§ WHAT IS NEEDED
Omit any pictures, and restate word for word only the lines from the one with "ひらがなは46文字、アルファ" through the end of the data below.

§ DATA
---

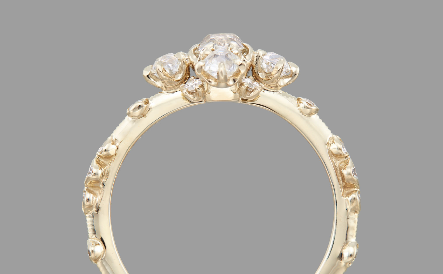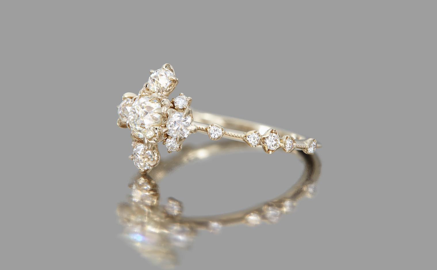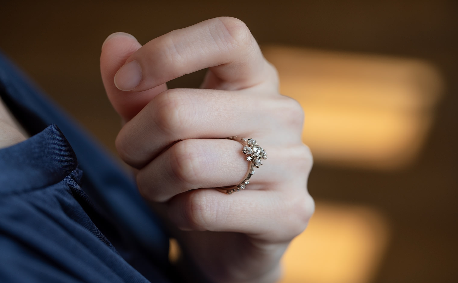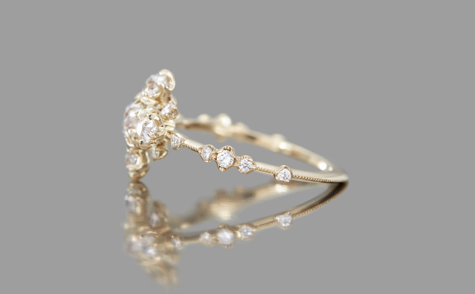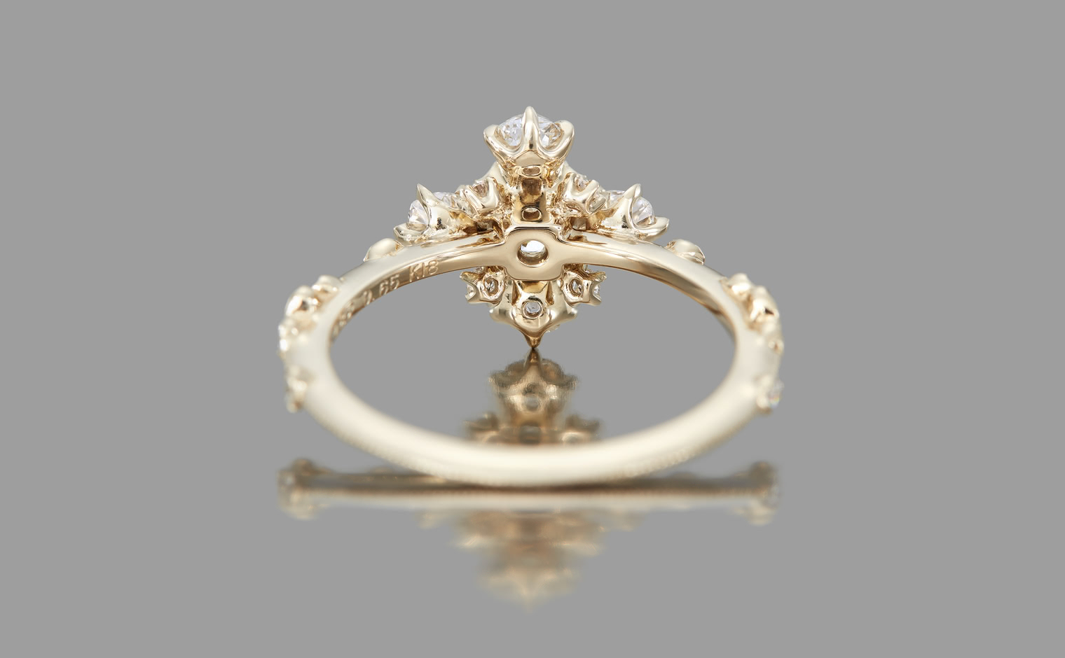A moment suspended in light, where brilliance reveals its quiet radiance. The Snowflake Ring–Apex embodies delicate artistry, a luminous expression of refinement—fleeting, yet eternal.
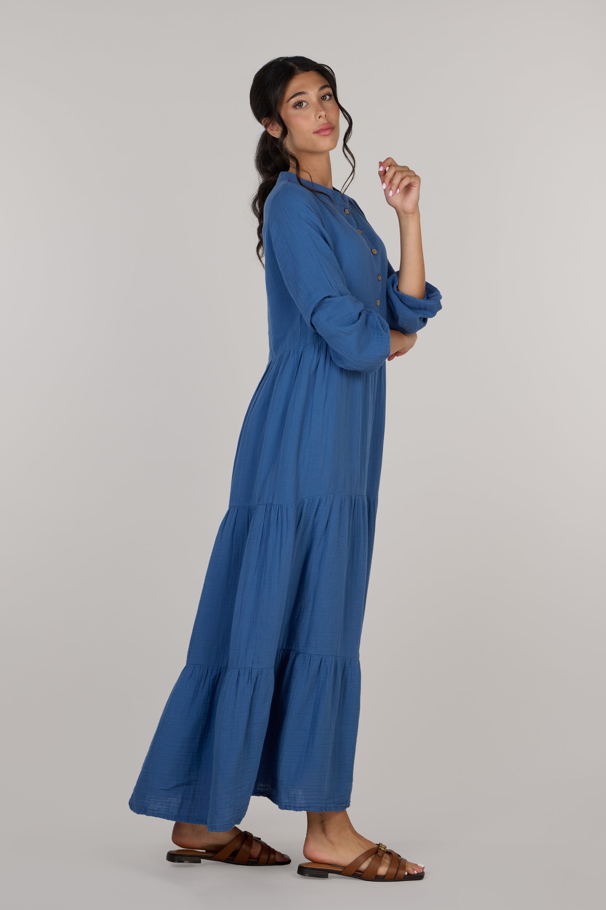 Изящное и выразительное платье Irina сочетает в себе непринужденный А-образный силуэт и очарование ручной работы, создавая образ неторопливой элегантности.
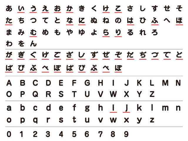 ひらがなは46文字、アルファベットは大文字、小文字が各36文字、数字は10文字。
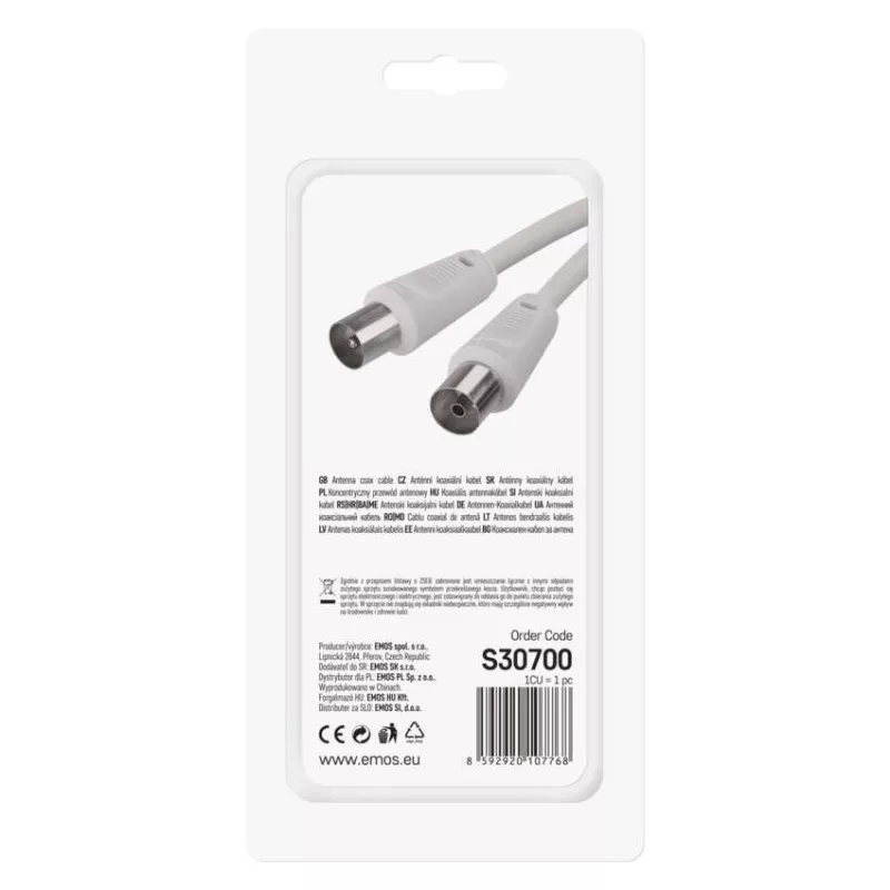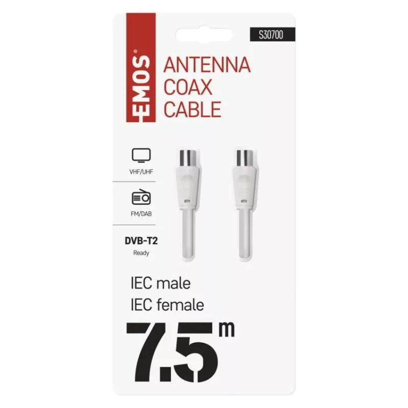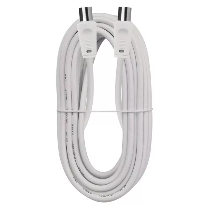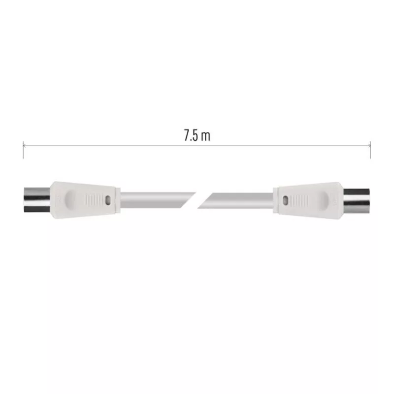 Koaxiális antennakábel IEC csatlakozódugóval és csatlakozóhüvellyel. A kábel kettős árnyékolású az elektromágneses interferencia csökkentése érdekében. 7,5 m-es kábelhossz.A koaxiális kábel használható műholdvevőhöz, digitális vevőkészülékhez, antennához, átalakítóhoz, síkképernyős tévéhez és hagyományos televízióhoz.

---

§ RESULT OF THE TASK
 ひらがなは46文字、アルファベットは大文字、小文字が各36文字、数字は10文字。
 Koaxiális antennakábel IEC csatlakozódugóval és csatlakozóhüvellyel. A kábel kettős árnyékolású az elektromágneses interferencia csökkentése érdekében. 7,5 m-es kábelhossz.A koaxiális kábel használható műholdvevőhöz, digitális vevőkészülékhez, antennához, átalakítóhoz, síkképernyős tévéhez és hagyományos televízióhoz.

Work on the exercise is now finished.